(Exercise details): An exact copy of the data is needed, one that excludes all pictures.

(Supplied information):
▬▬▬

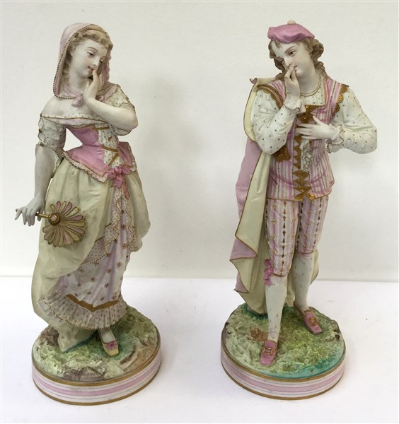 Coppia di scolture in bisquit raffiguranti una coppia di giovani in eleganti abiti settecenteschi. Marcate sul fondo con monogramma "MA" (h cm 45) (lievi difetti)
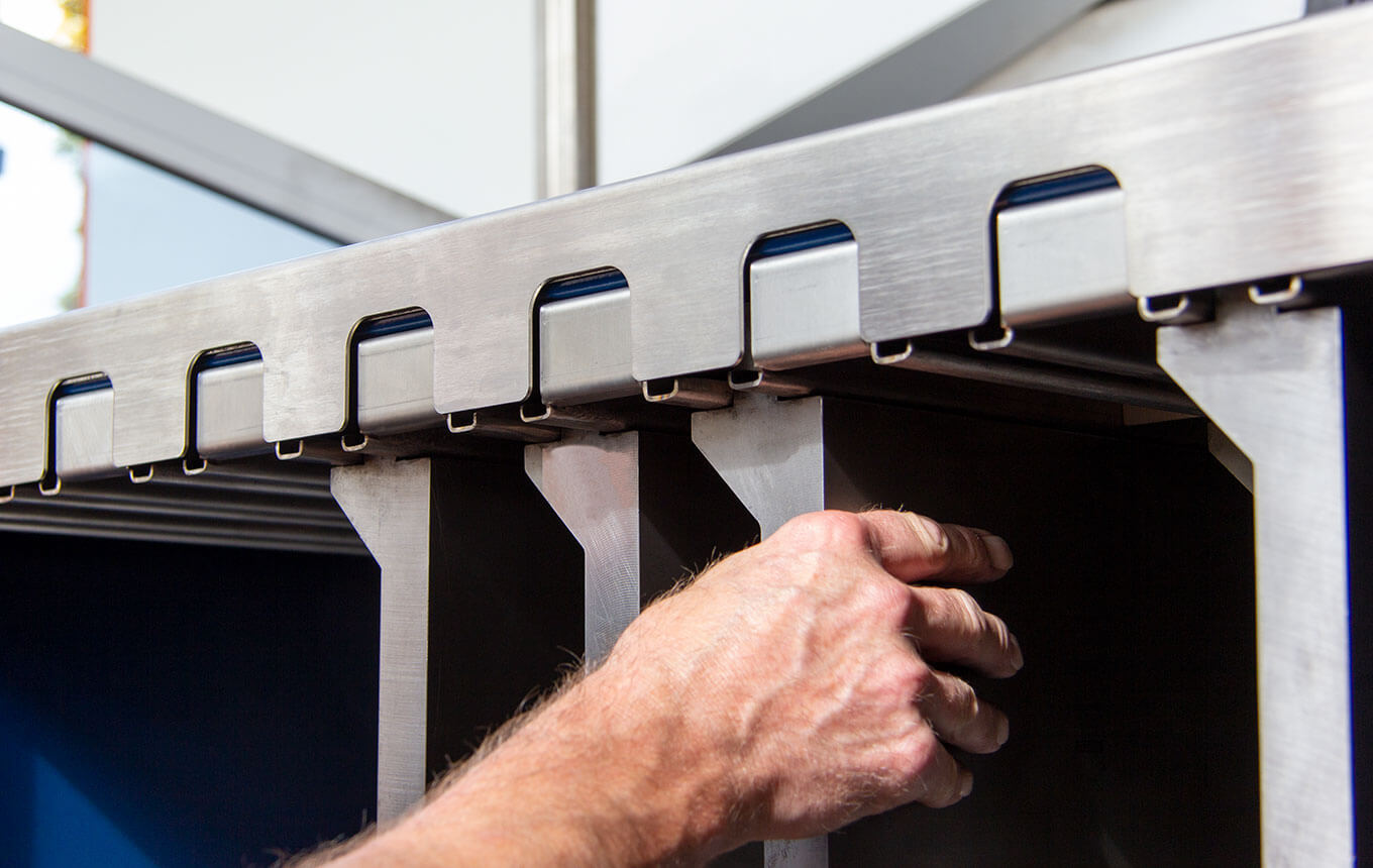 Reduzierung von Werkzeugbeschädigungen durch sichere Aufbewahrung. Ihre wertvollen Werkzeuge werden sicher gegen versehentliches Aneinanderschlagen o.ä. geschützt. Die modifizierten Stempelwerkzeuge ermöglichen zudem ein leichtes Hineingleiten in die Werkzeugaufnahmen der Trumpf-Abkantpresse. Der Verschleiß der Stempelstifte wird dadurch minimiert.
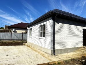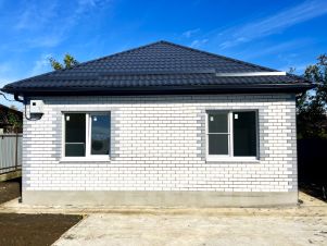 Одноэтажный коттедж возведен на свайно-ростверковом фундаменте, материал стен — газоблок, наружные — облицовочный кирпич, металлопластиковые окна, кровля — металлочерепица.

▬▬▬

(Answer box):
 Coppia di scolture in bisquit raffiguranti una coppia di giovani in eleganti abiti settecenteschi. Marcate sul fondo con monogramma "MA" (h cm 45) (lievi difetti)
 Reduzierung von Werkzeugbeschädigungen durch sichere Aufbewahrung. Ihre wertvollen Werkzeuge werden sicher gegen versehentliches Aneinanderschlagen o.ä. geschützt. Die modifizierten Stempelwerkzeuge ermöglichen zudem ein leichtes Hineingleiten in die Werkzeugaufnahmen der Trumpf-Abkantpresse. Der Verschleiß der Stempelstifte wird dadurch minimiert.
 Одноэтажный коттедж возведен на свайно-ростверковом фундаменте, материал стен — газоблок, наружные — облицовочный кирпич, металлопластиковые окна, кровля — металлочерепица.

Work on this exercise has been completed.